Monday, 18 February 2013

Who Was Behind The Lehman Brothers Collapse?



The demise of a firm can be attributed to poor leadership. The majority of the blame will fall at the door of the most powerful individual within the organisation. Naturally, they have most control over the company’s operating strategy and direction. At the time of their collapse, Lehman Brothers had a very experienced management team headed by the longest serving CEO on Wall Street. Bloomberg’s BusinessWeek magazine identified Richard S. Fuld Jr as holding the position of CEO since November 1993 until the end of 2008, after the bank’s collapse. Many of Fuld’s employees viewed him as a tyrant and noted that all decisions were undertaken by Fuld’s management team, his confidants, as noted by Ward’s book "The Devil's Casino" (2010). In the aftermath, he was cited as the single biggest factor in their demise.

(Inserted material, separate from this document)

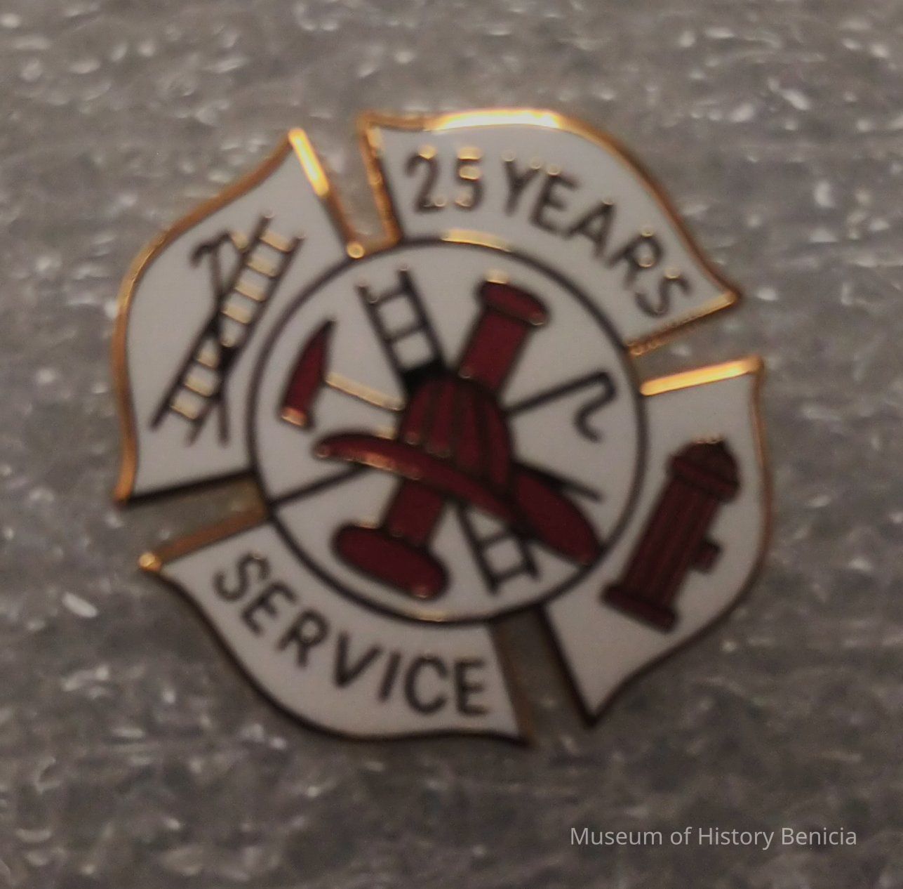 Red and White Maltese Cross Benicia Volunteer Fire Service Volunteer Recognition Pin - 25 Years of Service

Before the Lehman Bros bankruptcy, Fuld had been considered by his peers and the public as a successful and commanding figure. As unlikely as it may sound, Barron's Magazine, published in New York, featured an article praising Fuld as late as 11th February 2008. In it, Steven M. Sears, claims that in a bear market such as the USA was at that point in time, those firms that are properly run are easier to identify. He claimed that it would be unlikely that Lehman Bros would be forced to devalue themselves, let alone become insolvent!

Fuld could claim many triumphs under his leadership. One particular instance was weathering the problems of the Mexican Peso Crisis at the very beginning of his reign. Another was shielding the bank against pension fund depreciation during the 1997-1998 Asian Crisis when many Asian currencies dramatically lost value, thoroughly discussed by Dess, Lumpkin & Eisner (2010). Forbes Magazine (2006) had identified him as the uniting force behind the Lehman Bros. Barron’s Magazine, based in New York, publishes an annual list of the 30 most influential CEOs currently on Wall Street. The list is in no way based on scientific formula or statistics; rather it is centred on the public reputation of each CEO and the opinions of their peers and analysts. Barron’s cite their criteria for inclusion as the “bold vision and strikingly effective management style” shown by each CEO. The editors believe this is as an indicator of how much of a driving force they are behind their company and how much success is due to their input alone. Fuld had been included on the three lists since its first inception in 2005 until the 2007 version.


Once it became apparent that Lehman was in trouble, public opinion turned against Fuld and his team of managers as this was viewed as their fault. Below are images indicative of the time post-bankruptcy. The media portrayed Fuld as a caricature and a hate figure.















Each of the 14 years under Fuld’s stewardship had resulted in consecutive year end profit. Publicly traded stocks even reached an all-time high of $86 during this period. 2007 proved to be the last year to produce a profitable financial report. This was the fourth consecutive year of record revenue and income to the institution, Reuters (Sept. 12, 2008). Revenues were reported to be over $60billion and profits in excess of $4billion, details provided in research carried out by Kwabena Boamah (2011) for the Swiss Management Centre University.


In March 2008 Lehman Bros stock price fell by up to 48% upon the news of Bear Stearns fire-sale. Even that this stage, only 6 months before collapse, the bank appeared to be the next casualty, Fineman & Onaran (2008) reported for Bloomberg. The third quarter report on 10th September announced a loss of $3.9billion, the largest in Lehman Bros history. When no buyer was willing to match the valuation attributed to the corporation by Fuld's team and as the Federal Reserve had already stated that they would not be forth-coming with help, Lehman Bros filed for bankruptcy with listed assets of $639billion.


Below is an extract of Fuld’s written statement that he issued on the 1st September 2010 for use by the Financial Crisis Inquiry Panel – he declined to appear in person. Fuld took full responsibility for the bank’s collapse, possibly due to media pressure. But even at this juncture, he believed that Lehman Bros could have been saved with a Treasury bail-out:


“Lehman’s demise was caused by uncontrollable market forces and the incorrect perception and accompanying rumours that Lehman did not have sufficient capital to support its investments. All of this resulted in a loss of confidence, which then undermined the firm’s strength and soundness.”